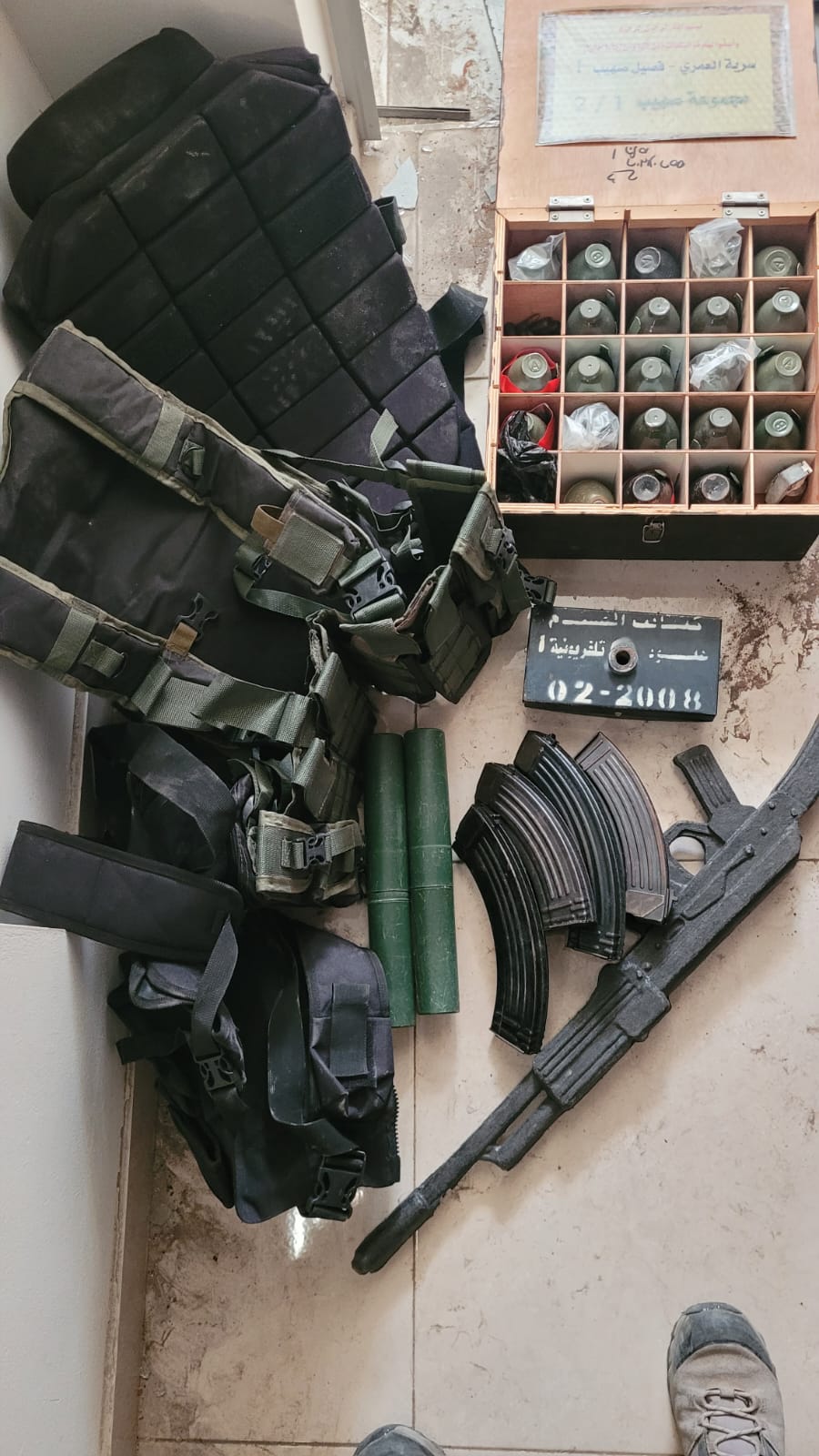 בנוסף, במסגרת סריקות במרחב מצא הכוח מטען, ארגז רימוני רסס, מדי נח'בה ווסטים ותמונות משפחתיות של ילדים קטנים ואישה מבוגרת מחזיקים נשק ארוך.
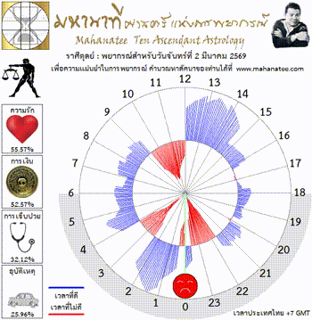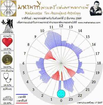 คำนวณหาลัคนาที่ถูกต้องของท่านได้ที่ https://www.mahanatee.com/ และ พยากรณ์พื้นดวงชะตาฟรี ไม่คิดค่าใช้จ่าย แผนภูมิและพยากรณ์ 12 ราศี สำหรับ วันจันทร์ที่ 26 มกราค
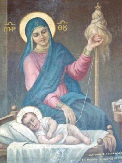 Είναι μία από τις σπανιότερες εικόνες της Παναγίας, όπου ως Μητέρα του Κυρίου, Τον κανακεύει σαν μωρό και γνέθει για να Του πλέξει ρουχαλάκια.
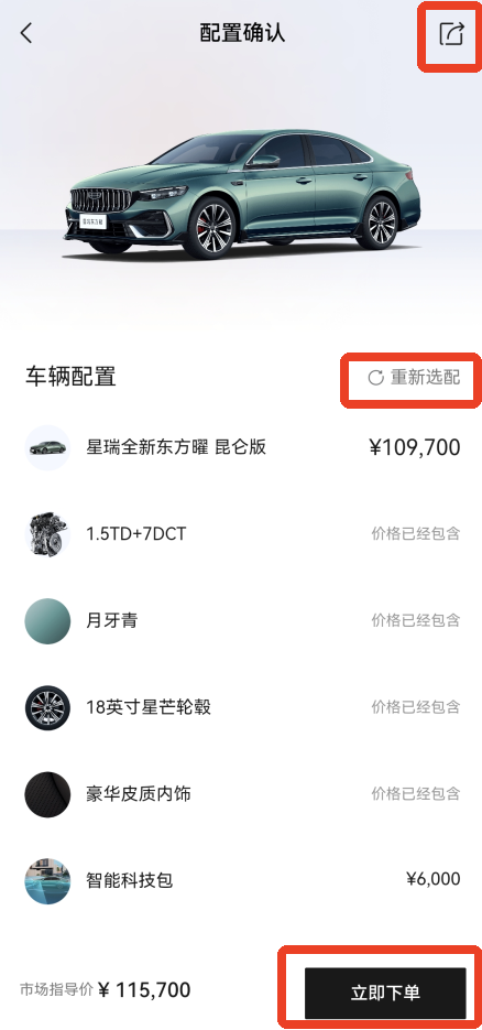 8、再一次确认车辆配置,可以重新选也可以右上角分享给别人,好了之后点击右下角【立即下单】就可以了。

-------

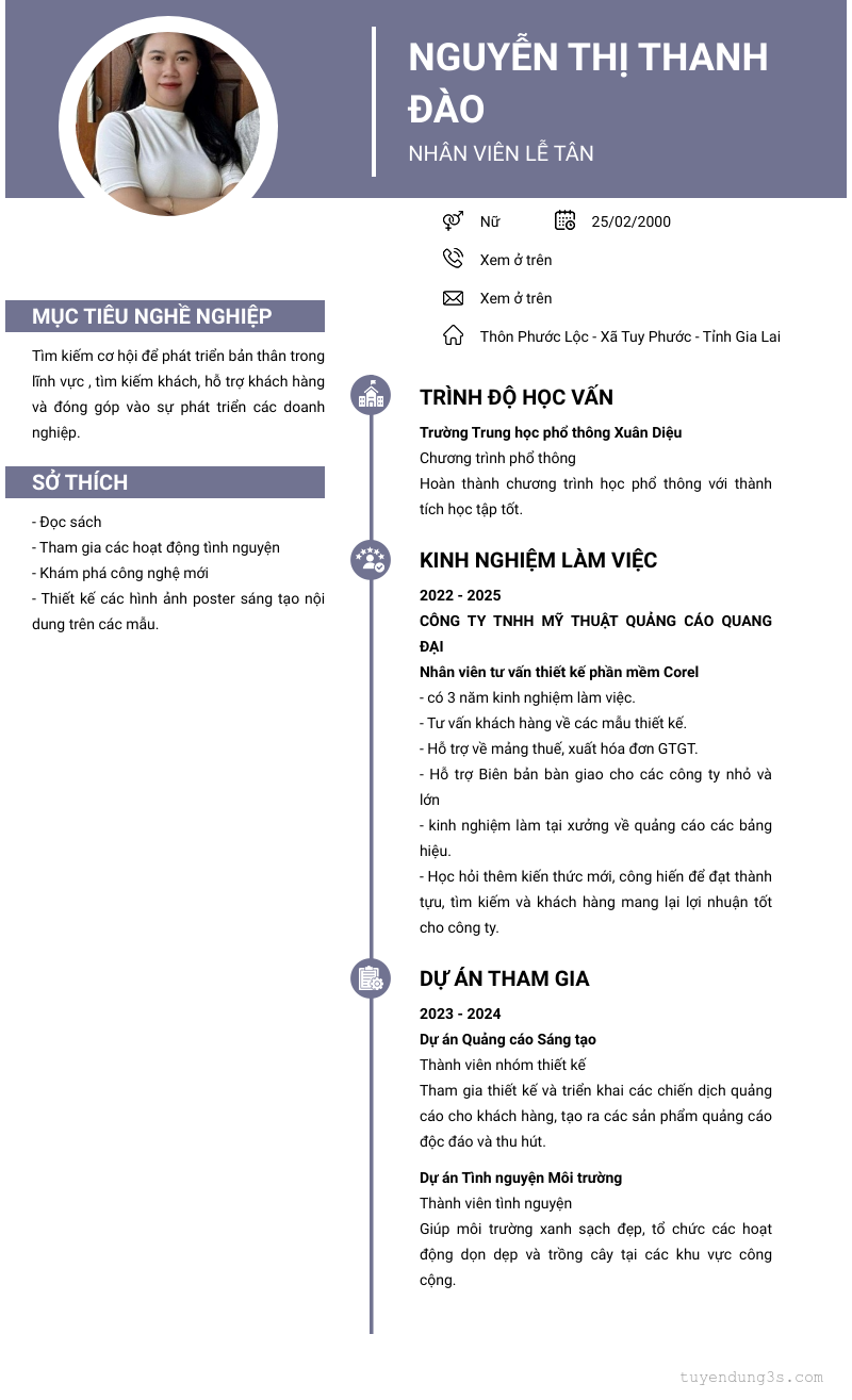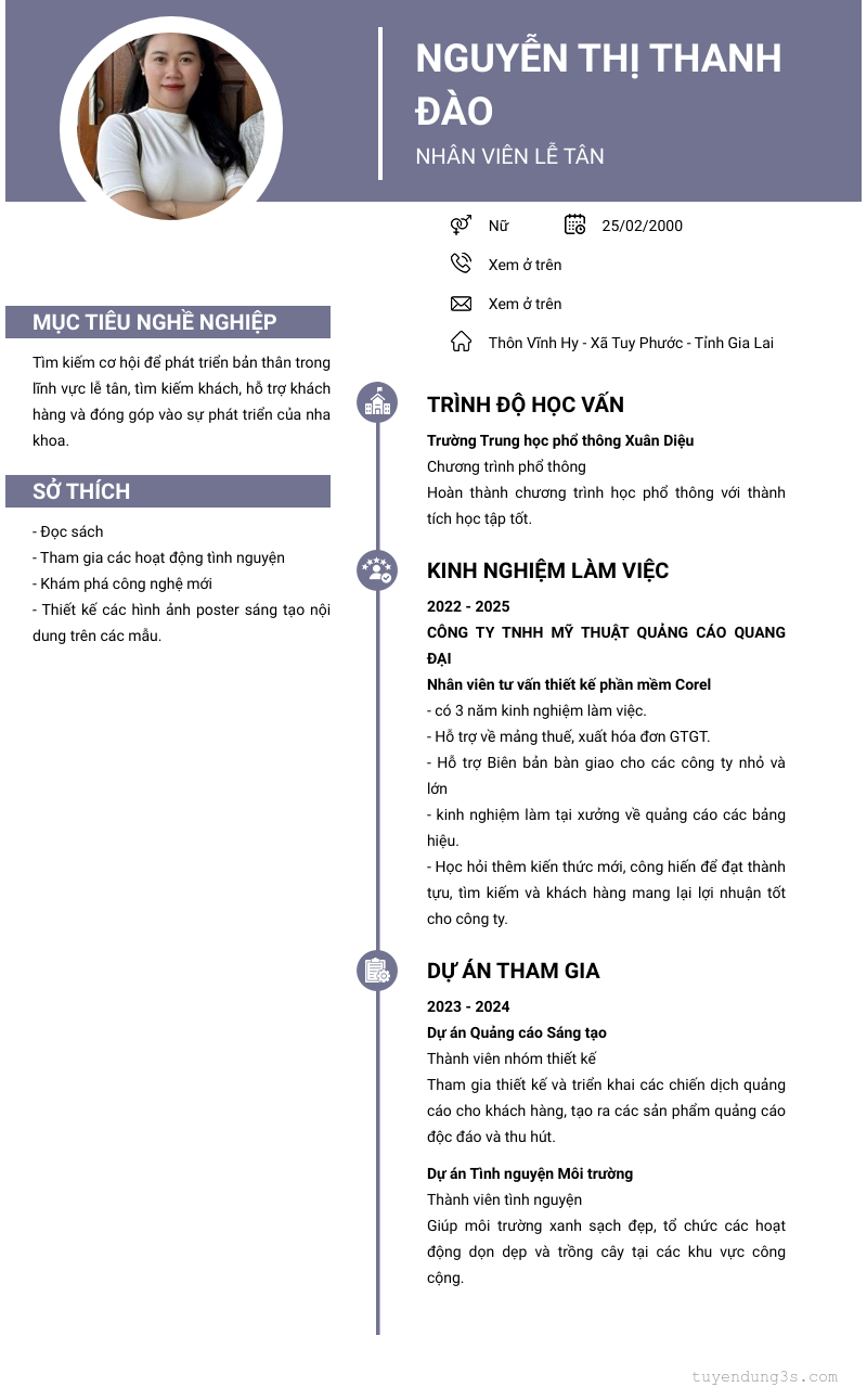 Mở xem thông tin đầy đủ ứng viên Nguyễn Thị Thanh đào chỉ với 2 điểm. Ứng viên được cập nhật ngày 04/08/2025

-------

• _Task statement_
Reproduce word for word, with pictures dropped, only the part of the material above that opens with the line containing "בנוסף, במסגרת סריקות" and closes with the line containing "8、再一次确认车辆配置,可以".

• _Exercise solution_
 בנוסף, במסגרת סריקות במרחב מצא הכוח מטען, ארגז רימוני רסס, מדי נח'בה ווסטים ותמונות משפחתיות של ילדים קטנים ואישה מבוגרת מחזיקים נשק ארוך.
 คำนวณหาลัคนาที่ถูกต้องของท่านได้ที่ https://www.mahanatee.com/ และ พยากรณ์พื้นดวงชะตาฟรี ไม่คิดค่าใช้จ่าย แผนภูมิและพยากรณ์ 12 ราศี สำหรับ วันจันทร์ที่ 26 มกราค
 Είναι μία από τις σπανιότερες εικόνες της Παναγίας, όπου ως Μητέρα του Κυρίου, Τον κανακεύει σαν μωρό και γνέθει για να Του πλέξει ρουχαλάκια.
 8、再一次确认车辆配置,可以重新选也可以右上角分享给别人,好了之后点击右下角【立即下单】就可以了。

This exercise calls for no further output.